I will quickly mention two examples from my own experience. A lady who worked for me was punched in the face on a London bus two days after the Brexit result, when she was with her five year-old daughter. She was not visibly from any minority community; as it happens, she was from Latvia. However, she spoke with a strange accent, which caused huge fury to somebody. She would not report it. She said that what she would do was to take herself and her daughter back to where they came from. It may be that many of the people who took part in that referendum wanted exactly that outcome, but the reality was that she decided not to report it but to go. The other example is of my own intern in your Lordships’ House, who just a few weeks ago was set upon by three thugs in the East End of London. She is visibly and, I would guess to most people, obviously a young Muslim woman. She has been badly injured; thank God, she is moving around again, albeit on crutches. She was attacked for those reasons, and she is just one of many examples. It is all very close to home, which is the point I wanted to make.

We are seeing not just something in the general population; we need to reflect on ourselves as well. Political elites do not always do as much as they could, or the right things in the circumstances. We see many advocates of a decent, tolerant set of relationships, and that is very much what I see and experience in this House—I described all noble Lords speaking in this debate as friends in a sense, and I meant it. But I fear that others should hang their heads in shame. Boris Johnson has become a man whose public bigotry is a significant issue. It is unbelievable to me that he should talk of Muslim women as he does, but in fact he has talked of many minority communities in much the same way. The leader of my own party, it is sad for me to say—having been involved in the party, and its general secretary—has a long history of rhetoric but is wholly bereft of action. Inaction has allowed anti-Semitism to fester in the Labour Party, and the serried ranks of bigots, who are waiting for action to be taken, see that it somehow never matures. In these cases leadership rarely says the right things, and it appears that in my party it does not do the right things. Above all, for me it is what you do rather than what you say that tells people who you are and what your values are. A Labour MP who can walk around a difficult and tough constituency in the north-west without any kind of police escort or protection cannot walk through the Labour Party conference without police protection. That is a fundamental, visible example of a significant problem. Many of us have experienced similar things—not that we needed police protection, but similar kinds of abuse.

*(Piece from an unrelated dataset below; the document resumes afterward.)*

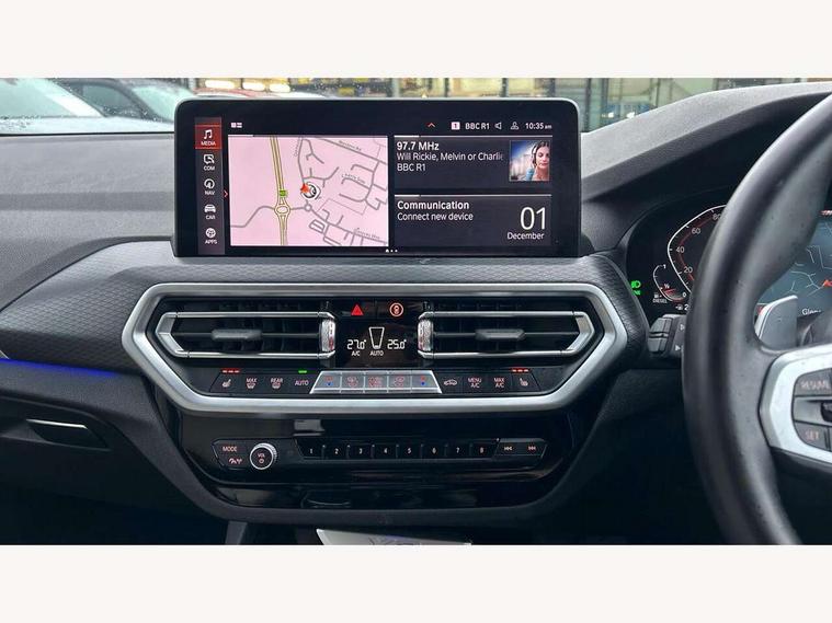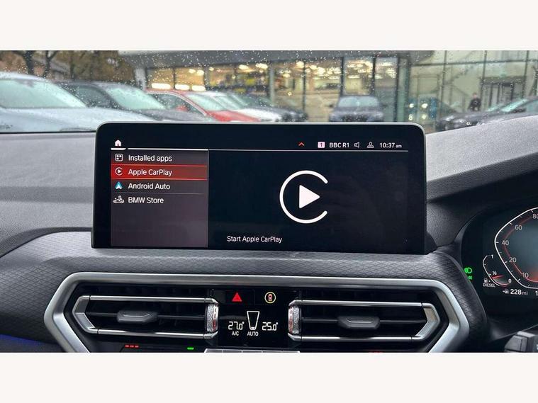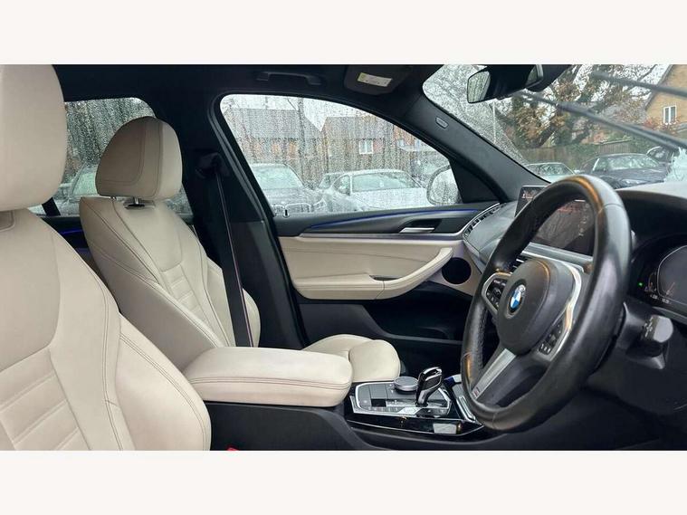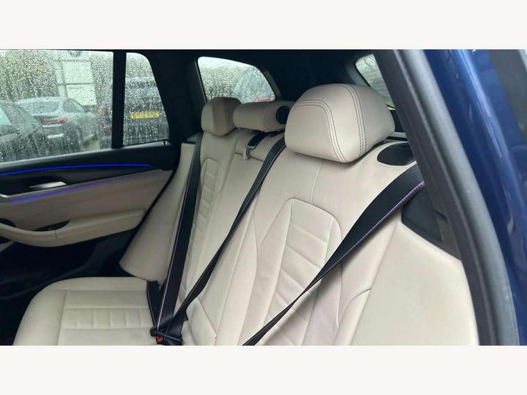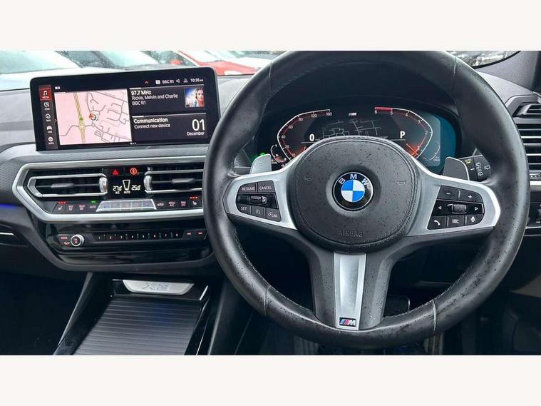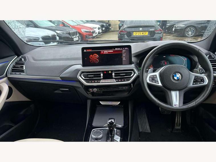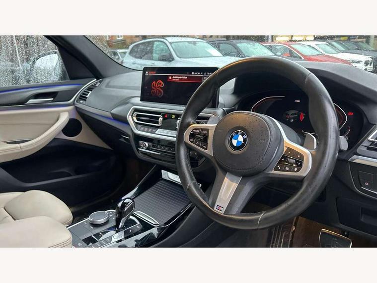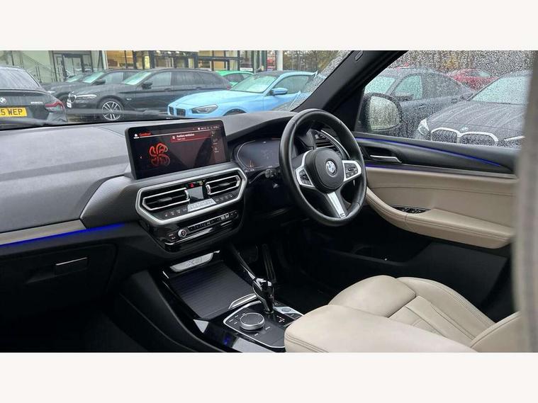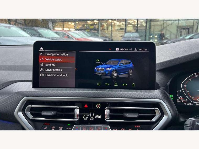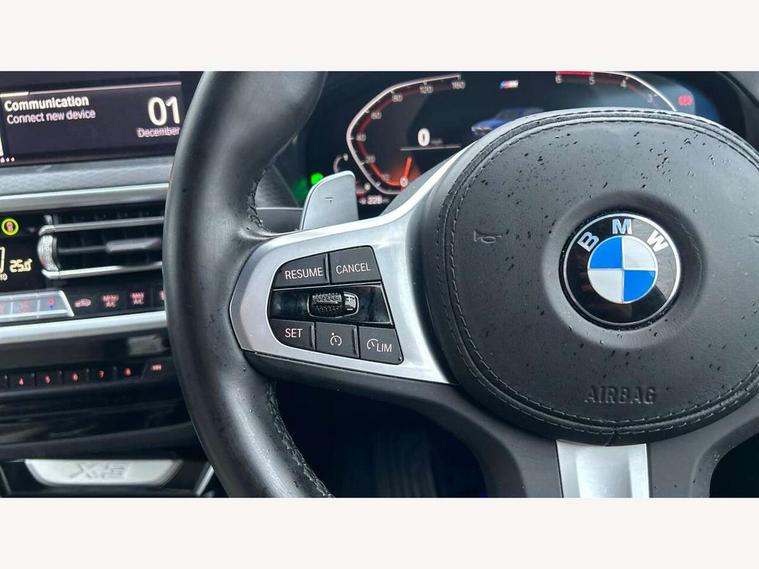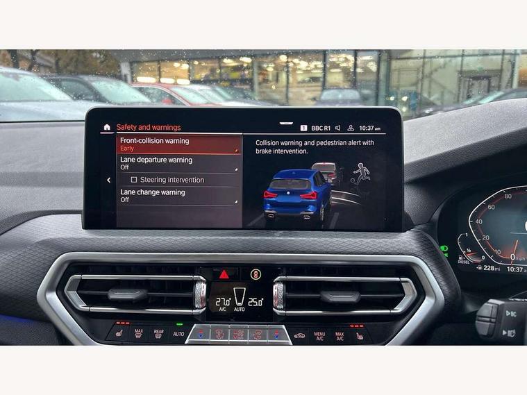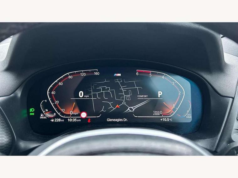 Active Guard, Attentiveness assist, BMW Live Cockpit Professional nav system including 12.3" instrument display + 12.3 high resolution control display, BMW Online services, BMW Teleservices, Brake pad wear indicator in front and rear, Check Control warning system for monitoring of lights and door/luggage compartment open warning, Condition based service - BMW service history, electronic service booklet, integrated owner's handbook, Connected drive services, Cruise control with brake function + speed limiter, Electric boot lid, Front/rear Parking distance control, iDrive Controller with 8 favourite buttons, Instrument cluster with speedometer with mph readout, tachometer, fuel gauge and oil temperature gauge, Lights on warning by audio warning signal when ignition is switched off, Oil sensor for level and grade, warning by check control system, On board computer - average speed+fuel consumption, service interval, clock/date, odometer/trip meter, outside temperature display and ice warning, Optimum shift indicator, Personal Profile - automatic lock when driving away selectable, Run flat indicator, Stop/start system, Variable sports power steering with drive performance control Sport+ mode, Diesel particulate filter, Incorrect fuelling protection, Larger capacity fuel tank, M sport suspension, Multi-link rear suspension, Performance Control, Sport automatic transmission with gearshift paddles, BMW professional radio/CD/MP3, DAB tuner, Acoustic glazing, Automatic windscreen wipers and automatic headlight, Black finish on B pillars, Body colour door handles, Body colour electric adjust heated aspherical door mirrors, Body colour roof mouldings, Body coloured bumpers, Direction indicator, side repeaters, integrated in exterior mirrors, Dynamic brake lights, Exhaust tailpipes - dual, round, split left and right with chrome finisher, Fingertip control / anti-trap function on electric window, Folding wing mirrors with auto dimming, Follow me home headlights, Front and rear bumper system with replaceable deformation elements, Front and rear electric windows, Gloss chrome tailpipes finishers, Green tinted heat insulating glass, Heated windscreen washer jets, High beam assistant, High gloss black shadow line roof rails, High gloss shadowline exterior trim in decorative moulding side frame/recess cover/guide rail/B, C pillars/mirror frame and triangle with mirror base, High level 3rd brake light incorporating LED Technology, Interior rear view electrochromatic mirror with automatic anti dazzle function, LED tail lights, Lightweight engineering, M aerodynamic bodystyling, M Sport entry door sill strips, Model designation, Rear side wing doors, Rear wing door, Rear wiper, Shark fin antenna, Side exterior M designation badges, Visible VIN plate, Welcome lighting, Windscreen wipers with adjustable interval, 12V power socket in front centre console, 3 rear headrests, 3 seat bench in 2nd row, 3 zone automatic air conditioning, 4 lashing points to secure luggage, 40:20:40 split folding rear seat with loading system, Ambient lighting, Anthracite headlining, Automatic interior light when door is opened/ignition switched off or via remote key, Driver seat backrest width adjustment, Floor mats in velour, Foldable storage floor with compartment, Four grab handles integrated in roof lining, Front and rear bottle holders integrated into door trim storage compartments, Front and rear side armrests integrated into door trim, Front centre armrest with storage compartment, Front footwell lights, Front head restraints, Front passenger seat, Front sports seats, Front/rear courtesy lights with soft on/off dimming, Front/rear reading lights, Heated front seats, Isofix rear child seat preparation, Leather gear knob, Luggage area underfloor compartment, Luggage compartment lighting, M sport leather steering wheel, Multifunction steering wheel, Parcel shelf removeable and storable under boot floor, Reach and rake adjustable steering column, Rear centre armrest with 2 cupholders, Removable / retractable luggage cover, Slope adjustable rear seats, Storage compartment in rear centre console and front/rear door trims, Sun visors with vanity mirrors and ticket pocket, Toolkit located in luggage compartment, Two front cupholders with removable oddments tray/lid, Vernasca leather upholstery, Connected pro pack - X3, Driving assistant pack - X3, ADB - Automatic Differential Brake, Anti-lock braking system (ABS) with brake assist, Automatic Stability Control (ASC), Battery safety cut-off, BMW emergency call, Brake drying, Brake energy regeneration, Braking pre-tensioning, CBC - (Cornering brake control), Child locks on rear doors, Crash Sensor - activation of central locking release, hazard warning light and interior lighting, Deactivation of fuel pump in the event of a crash, Driver and front passenger front and side airbags with passenger deactivation and ITS front and rear head airbags, DSC+, Dynamic brake control, Dynamic Traction Control - DTC, Electromechanical parking brake, Hill descent control, Hill start assist, Seatbelt security check for front seats, Side impact protection, Three point seatbelts to all seats with front and outer rear pyrotechnic belt tensioners and seat belt force limiters, Two tone horn, Tyre pressure sensor, Ventilated front and rear disc brakes, Warning triangle and first aid kit, Central locking switch for all doors, fuel filler cap and luggage compartment, Electronic engine immobiliser, Locking wheel nuts, Remote control including two integrated key - one button for open/close all lockable content, windows and separate button for open luggage compartment, Remote control Thatcham category 1 alarm, Start/stop button with Comfort Go keyless engine start and auto Start/stop deactivation button, Low rolling resistance tyres,
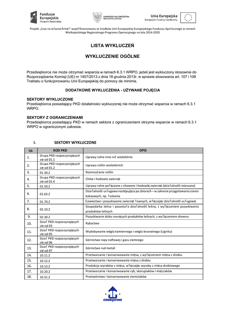 Projekt „Czas na własną firmę!” współfinansowany ze środków Unii Europejskiej Europejskiego Funduszu Społecznego w ramach Wielkopolskiego Regionalnego Programu Operacyjnego na lata 2014-2020 LISTA WYKLUCZEŃ WYKLUCZENIE OGÓLNE Przedsiębiorca nie może otrzymać wsparcia w ramach 6.3.1 WRPO, jeżeli jest wykluczony stosownie do Rozporządzenia Komisji (UE) nr 1407/2013 z dnia 18 grudnia 2013r. w sprawie stosowania art. 107 i 108 Traktatu o funkcjonowaniu Unii Europejskiej do pomocy de minimis. DODATKOWE WYKLUCZENIA - UŻYWANE POJĘCIA SEKTORY WYKLUCZONE Przedsiębiorca posiadający PKD działalności wykluczonej nie może otrzymać wsparcia w ramach 6.3.1 WRPO. SEKTORY Z OGRANICZENIAMI Przedsiębiorca posiadający PKD w ramach sektora z ograniczeniami otrzyma wsparcie w ramach 6.3.1 WRPO w ograniczonym zakresie. I. SEKTORY WYKLUCZONE Lp. KOD PKD 5. Grupa PKD rozpoczynających się od 01.1 Grupa PKD rozpoczynających się od 01.2 01.30.Z Grupa PKD rozpoczynających się od 01.4 01.50.Z 6. 01.63.Z 7. 01.70.Z 8. 02.10.Z 9. 02.30.Z Dział PKD rozpoczynających się od 03 Dział PKD rozpoczynających się od 05 Dział PKD rozpoczynających się od 06 Dział PKD rozpoczynających się od 07 10.11.Z 1. 2. 3. 4. 10. 11. 12. 13. 14. 15. 16. 17. 18. OPIS Uprawy rolne inne niż wieloletnie Uprawa roślin wieloletnich Rozmnażanie roślin Chów i hodowla zwierząt Uprawy rolne połączone z chowem i hodowlą zwierząt (działalność mieszana) Działalność usługowa następująca po zbiorach – w zakresie przygotowania ziaren kakaowych, np. łuskania Łowiectwo i pozyskiwanie zwierząt łownych, włączając działalność usługową Gospodarka leśna i pozostała działalność leśna, z wyłączeniem pozyskiwania produktów leśnych Pozyskiwanie dziko rosnących produktów leśnych, z wyłączeniem drewna Rybactwo Wydobywanie węgla kamiennego i węgla brunatnego (Lignitu) Górnictwo ropy naftowej i gazu ziemnego Górnictwo rud metali Przetwarzanie i konserwowanie mięsa, z wyłączeniem mięsa z drobiu 10.12.Z Przetwarzanie i konserwowanie mięsa z drobiu 10.13.Z Produkcja wyrobów z mięsa, włączając wyroby z mięsa drobiowego 10.20.Z Przetwarzanie i konserwowanie ryb, skorupiaków i mięczaków 10.31.Z Przetwórstwo i konserwowanie ziemniaków Projekt „Czas na własną firmę!” współfinansowany ze środków Unii Europejskiej Europejskiego Funduszu Społecznego w ramach Wielkopolskiego Regionalnego Programu Operacyjnego na lata 2014-2020 19. 20. 21. 22. 23. 24. 25. 10.32.Z Produkcja soków z owoców i warzyw 10.39.Z Pozostałe przetwarzanie i konserwowanie owoców i warzyw 10.41.Z Produkcja olejów i pozostało tłuszczów płynnych 10.42.Z Produkcja margaryny i podobnych tłuszczów jadalnych 10.51.Z Przetwórstwo mleka i wyrobów serów, z wyłączeniem produkcji masła 10.61.Z Wytwarzanie produktów przemiału zbóż 10.62.Z Wytwarzanie skrobi i produktów skrobiowych 26. 10.73.Z 27. 28. 10.81.Z Produkcja makaronów, klusek, kuskusu i podobnych wyrobów mącznych - tylko tych, które zawierają w masie ponad 20% ryb, skorupiaków, mięczaków lub innych bezkręgowców wodnych Produkcja cukru 10.84.Z Produkcja przypraw – w zakresie produkcji octu 29. 10.89.Z 30. 31. 32. 33. 34. 35. 10.91.Z Produkcja pozostałych artykułów spożywczych, gdzie indziej nieklasyfikowana dotyczy podmiotów zajmujących się działalnością – w zakresie produkcji wyrobów z jaj, miodu i karmelu Produkcja gotowej paszy dla zwierząt gospodarskich 10.92.Z Produkcja gotowej karmy dla zwierząt domowych 11.01.Z Destylowanie, rektyfikowanie i mieszanie alkoholi 11.02.Z Produkcja win gronowych 11.03.Z Produkcja cydru i pozostałych win owocowych 11.04.Z Produkcja pozostałych niedestylowanych napojów fermentowanych 36. 13.10.D 37. 20.14.Z 38. 46.21.Z 39. 40. 46.22.Z Produkcja przędzy z pozostałych włókien tekstylnych, włączając produkcję nici dotyczy podmiotów zajmujących się działalnością w zakresie wydobywania włókna ze słomy lnianej i konopnej Produkcja pozostałych podstawowych chemikaliów organicznych – w zakresie produkcji alkoholu etylowego Sprzedaż hurtowa zboża, nieprzetworzonego tytoniu, nasion i pasz dla zwierząt dotyczy podmiotów zajmujących się działalnością w zakresie sprzedaży hurtowej zboża, rzepaku lub wprowadzania do obrotu materiału siewnego roślin rolniczych i warzywnych Sprzedaż hurtowa kwiatów i roślin 46.31.Z Sprzedaż hurtowa owoców i warzyw 41. 46.33.Z 42. 52.10.B II. Sprzedaż hurtowa mleka, wyrobów mleczarskich, jaj, olejów i tłuszczów jadalnych - dotyczy podmiotów zajmujących się działalnością w zakresie sprzedaży hurtowej mleka i wyrobów mleczarskich Magazynowanie i przechowywanie pozostałych towarów - dotyczy podmiotów zajmujących się działalnością w zakresie usługowego zamrażania i przechowywania produktów rolnych SEKTORY Z OGRANICZENIAMI Lp. KOD PKD OPIS TRANSPORT - ZAKAZ FINANSOWANIA ZAKUPU ŚRODKA TRANSPORTU I URZĄDZEŃ TRANSPORTOWYCH 1. 49.41.Z 1. 49.41.Z Transport drogowy towarów TRANSPORT - PRÓG POMOCY DO 100 TYS. EURO (na cel inny niż zakup środka transportu i urządzeń transportowych) Transport drogowy towarów Projekt „Czas na własną firmę!” współfinansowany ze środków Unii Europejskiej Europejskiego Funduszu Społecznego w ramach Wielkopolskiego Regionalnego Programu Operacyjnego na lata 2014-2020

I say to my noble friend Lady Deech that in my experience it is not always about Israel and Palestine—in fact, that is unusual. The thing which apparently I do, and which people know about me without ever asking my view, is that I use whatever authority I have to prop up my friends the Rothschilds and George Soros to make sure that the secret network which makes so much money for that part of the community is intact. One could have heard it in the 1930s of course, and we are hearing it again now.

It is a sad truth that we are becoming an ugly and intolerant country. This is a tragedy for the United Kingdom, given its history and ability to absorb peoples. As many others have said, civility and respect are not quite dead in this country but I fear they are heading for a rather shallow grave.

The internet, which is the default mass publishing house for trolls, racists, homophobes, liars, fakers, charlatans and racial supremacists, has deepened the ugliness and intolerance. Freedom of expression is, of course, tremendously important, but I urge noble Lords to reflect on when the expression of something goes beyond freedom of expression into something that is, by repetition, more significant. If we look at any individual statement by Bannon, it is unlikely that we would see it, in itself, as the cause of anything. Yet, aggregated, such statements were sufficient to help the President of the United States say of a group of Ku Klux Klan members that they were not “bad people”. If we can begin to define where things move from being expressions of opinion into being dangerous, we should do it.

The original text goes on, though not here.